-- Source material follows --

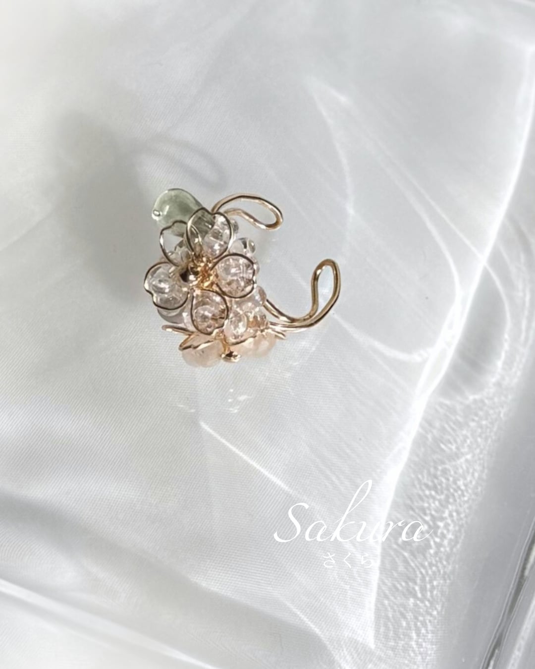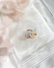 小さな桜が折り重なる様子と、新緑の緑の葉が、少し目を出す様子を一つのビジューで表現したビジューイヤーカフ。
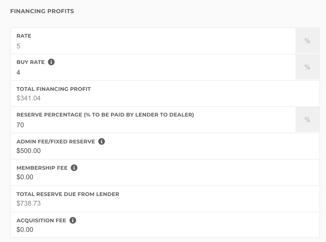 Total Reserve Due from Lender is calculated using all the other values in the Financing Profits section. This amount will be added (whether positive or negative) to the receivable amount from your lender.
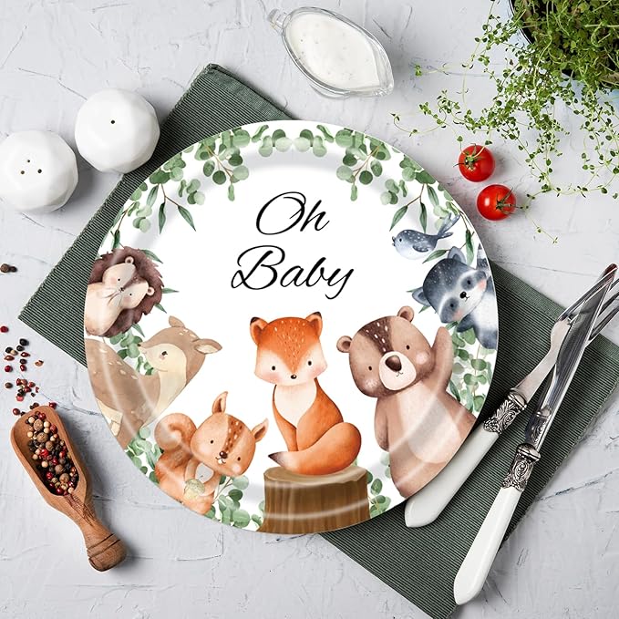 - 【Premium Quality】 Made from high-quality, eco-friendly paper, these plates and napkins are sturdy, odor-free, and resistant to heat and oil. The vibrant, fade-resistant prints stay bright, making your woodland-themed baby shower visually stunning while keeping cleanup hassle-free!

-- Source material concluded --

What to work on:
Retype all the data exactly. Omit pictures.

Answer to the problem:
 小さな桜が折り重なる様子と、新緑の緑の葉が、少し目を出す様子を一つのビジューで表現したビジューイヤーカフ。
 Total Reserve Due from Lender is calculated using all the other values in the Financing Profits section. This amount will be added (whether positive or negative) to the receivable amount from your lender.
 - 【Premium Quality】 Made from high-quality, eco-friendly paper, these plates and napkins are sturdy, odor-free, and resistant to heat and oil. The vibrant, fade-resistant prints stay bright, making your woodland-themed baby shower visually stunning while keeping cleanup hassle-free!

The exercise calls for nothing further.